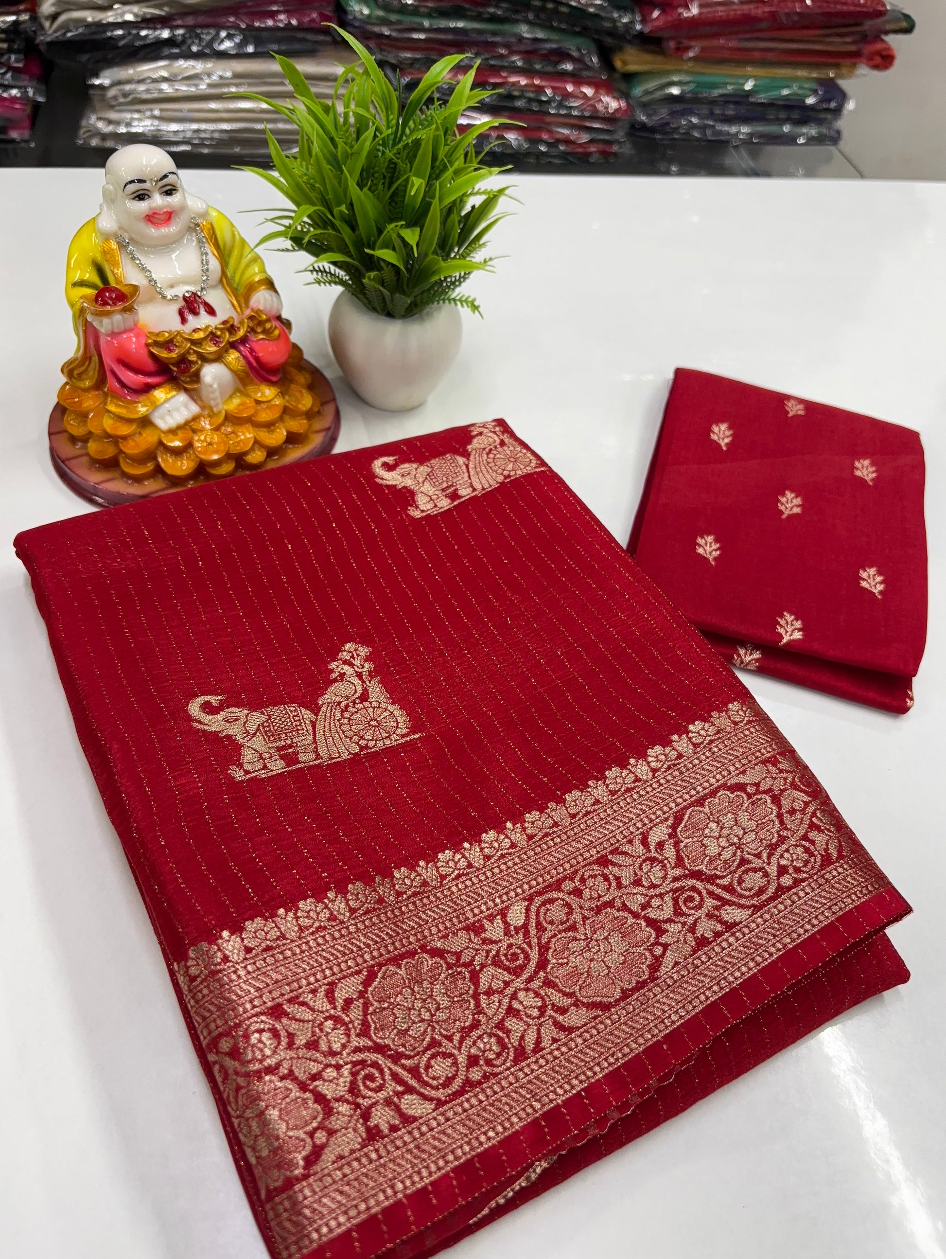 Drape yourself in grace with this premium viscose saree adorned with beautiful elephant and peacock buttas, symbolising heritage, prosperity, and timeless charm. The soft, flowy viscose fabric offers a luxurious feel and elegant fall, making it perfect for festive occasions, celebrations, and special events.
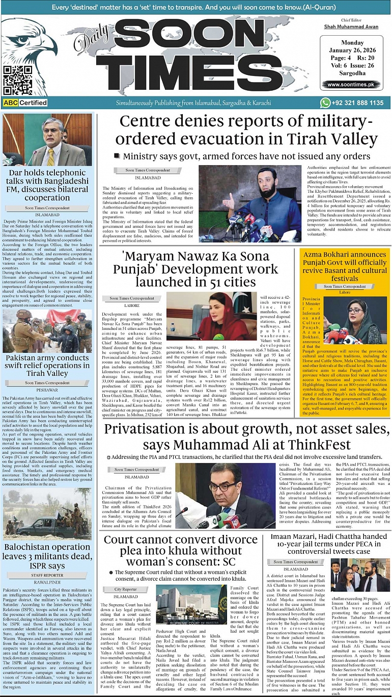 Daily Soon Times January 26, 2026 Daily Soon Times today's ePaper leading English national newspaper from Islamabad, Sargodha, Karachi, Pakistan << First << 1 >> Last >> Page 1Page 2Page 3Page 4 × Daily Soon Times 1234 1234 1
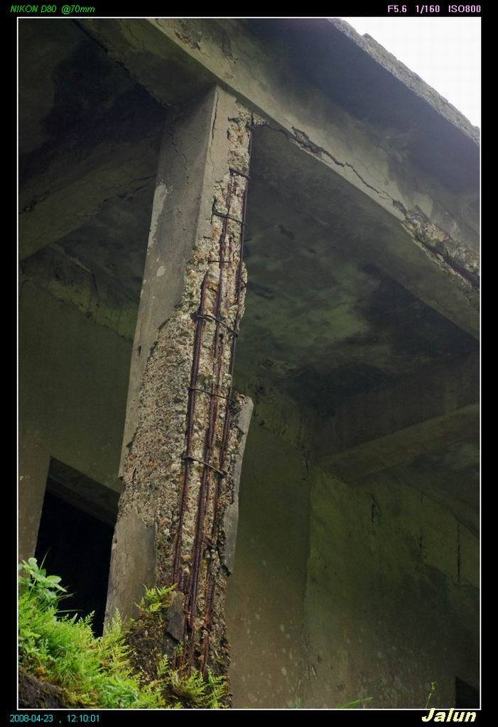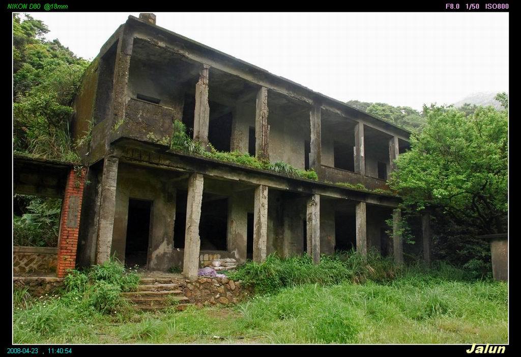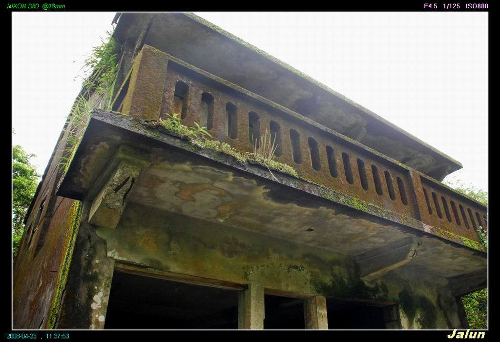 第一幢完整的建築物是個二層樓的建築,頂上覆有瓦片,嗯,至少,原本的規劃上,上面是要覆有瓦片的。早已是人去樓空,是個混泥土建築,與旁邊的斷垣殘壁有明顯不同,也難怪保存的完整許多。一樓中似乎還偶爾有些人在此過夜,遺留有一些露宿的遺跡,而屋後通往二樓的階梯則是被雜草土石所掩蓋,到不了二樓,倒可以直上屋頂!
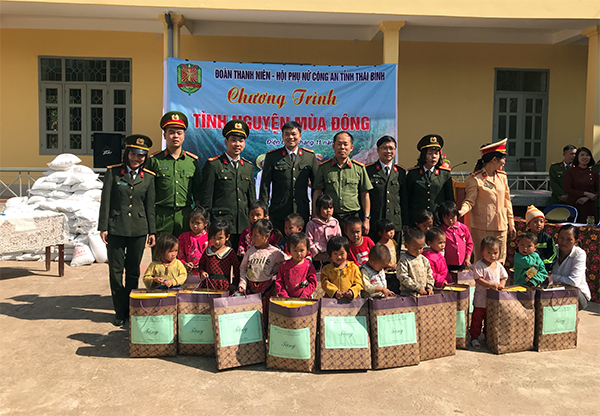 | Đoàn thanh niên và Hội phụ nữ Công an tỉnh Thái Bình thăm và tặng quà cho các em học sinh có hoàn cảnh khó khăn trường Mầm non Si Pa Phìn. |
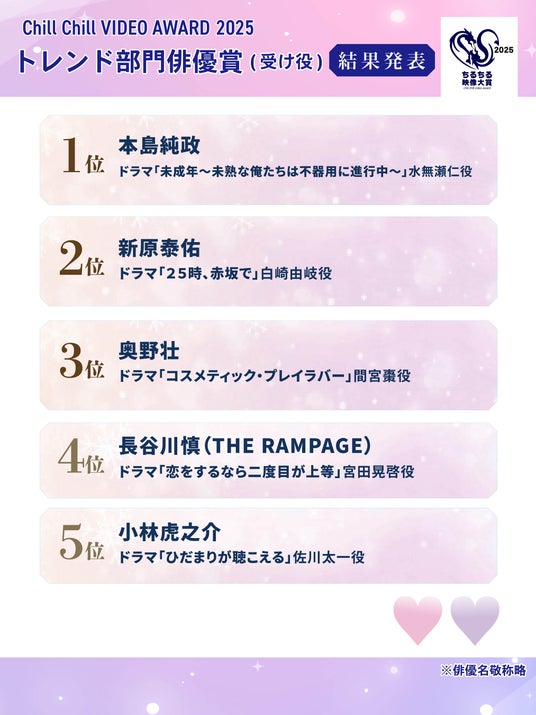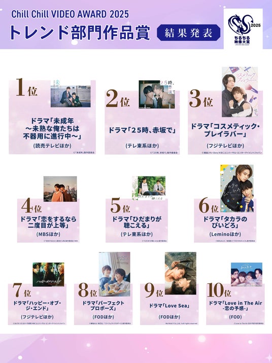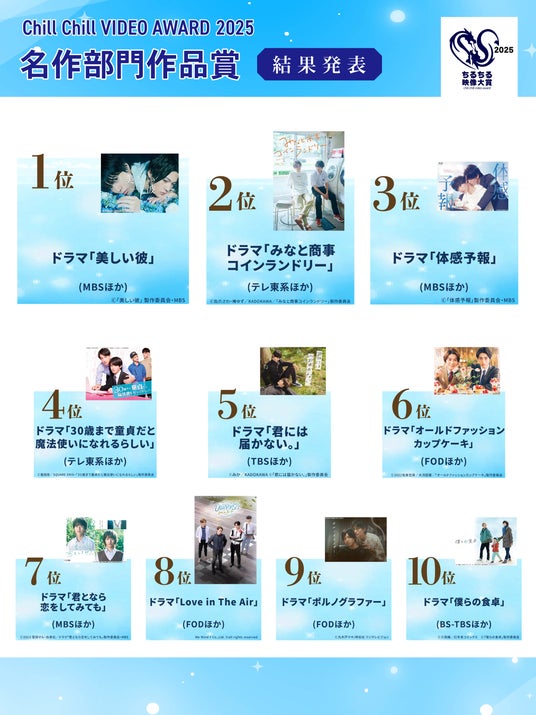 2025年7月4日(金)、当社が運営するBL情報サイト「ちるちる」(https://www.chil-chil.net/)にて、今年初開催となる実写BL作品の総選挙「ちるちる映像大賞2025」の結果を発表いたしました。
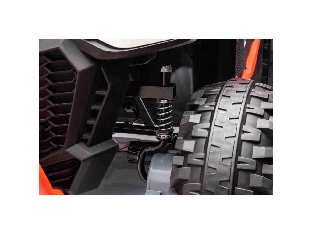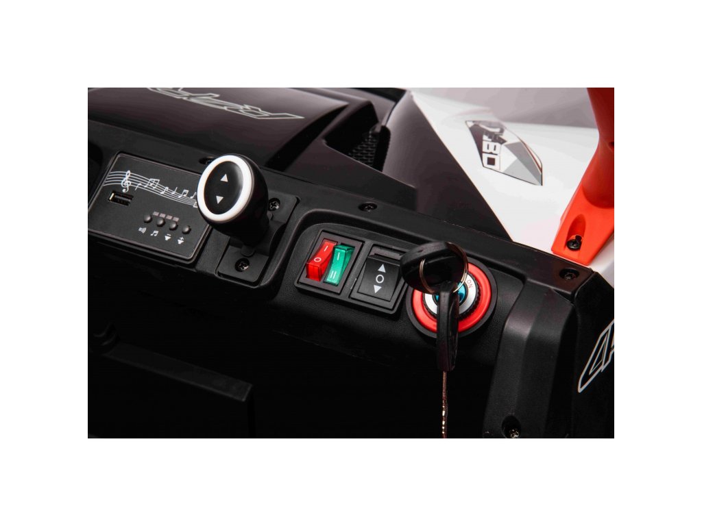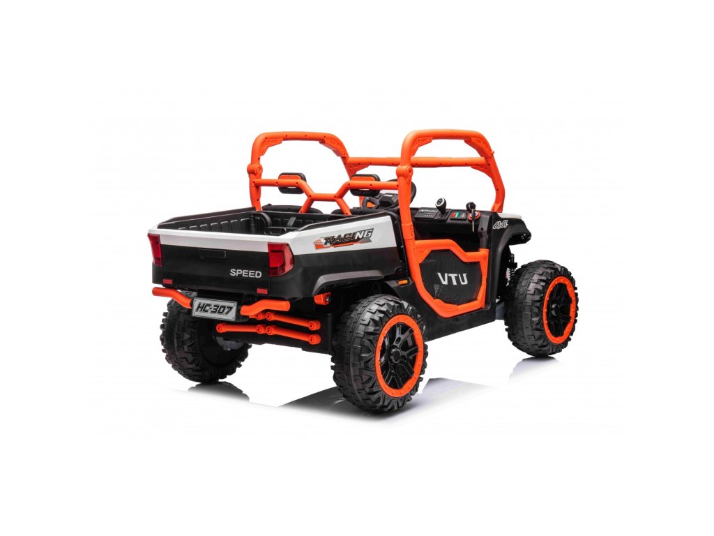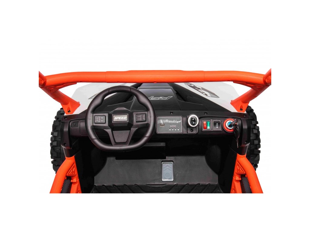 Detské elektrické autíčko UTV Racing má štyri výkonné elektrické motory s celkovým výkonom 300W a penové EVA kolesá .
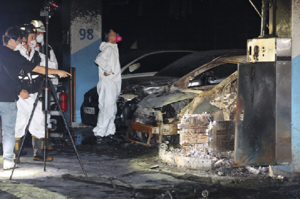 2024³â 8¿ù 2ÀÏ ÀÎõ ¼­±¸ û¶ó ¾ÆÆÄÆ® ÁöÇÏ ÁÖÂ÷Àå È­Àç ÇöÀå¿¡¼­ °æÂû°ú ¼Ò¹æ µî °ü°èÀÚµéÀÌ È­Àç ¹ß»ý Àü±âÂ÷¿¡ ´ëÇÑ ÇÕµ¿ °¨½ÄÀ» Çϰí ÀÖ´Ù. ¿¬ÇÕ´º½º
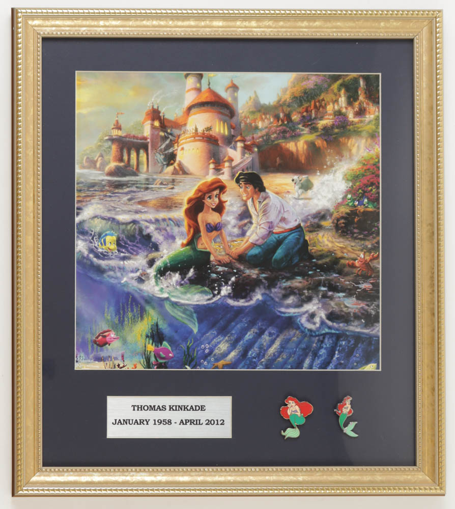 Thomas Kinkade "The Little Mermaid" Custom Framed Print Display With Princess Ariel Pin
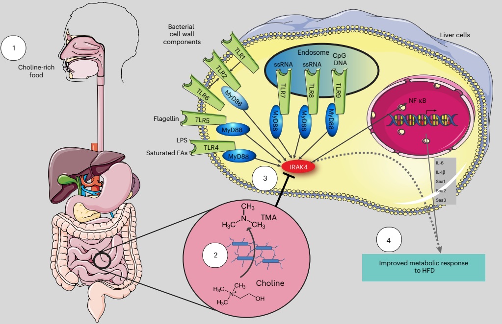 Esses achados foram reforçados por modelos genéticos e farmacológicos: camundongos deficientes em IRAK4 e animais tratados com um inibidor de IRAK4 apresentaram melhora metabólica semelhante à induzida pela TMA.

**Exercise details:**
Each line from the top of the material through the line containing "第一幢完整的建築物是個二層樓" should be reproduced exactly; please drop any images.

**Response below:**
 Drape yourself in grace with this premium viscose saree adorned with beautiful elephant and peacock buttas, symbolising heritage, prosperity, and timeless charm. The soft, flowy viscose fabric offers a luxurious feel and elegant fall, making it perfect for festive occasions, celebrations, and special events.
 Daily Soon Times January 26, 2026 Daily Soon Times today's ePaper leading English national newspaper from Islamabad, Sargodha, Karachi, Pakistan << First << 1 >> Last >> Page 1Page 2Page 3Page 4 × Daily Soon Times 1234 1234 1
 第一幢完整的建築物是個二層樓的建築,頂上覆有瓦片,嗯,至少,原本的規劃上,上面是要覆有瓦片的。早已是人去樓空,是個混泥土建築,與旁邊的斷垣殘壁有明顯不同,也難怪保存的完整許多。一樓中似乎還偶爾有些人在此過夜,遺留有一些露宿的遺跡,而屋後通往二樓的階梯則是被雜草土石所掩蓋,到不了二樓,倒可以直上屋頂!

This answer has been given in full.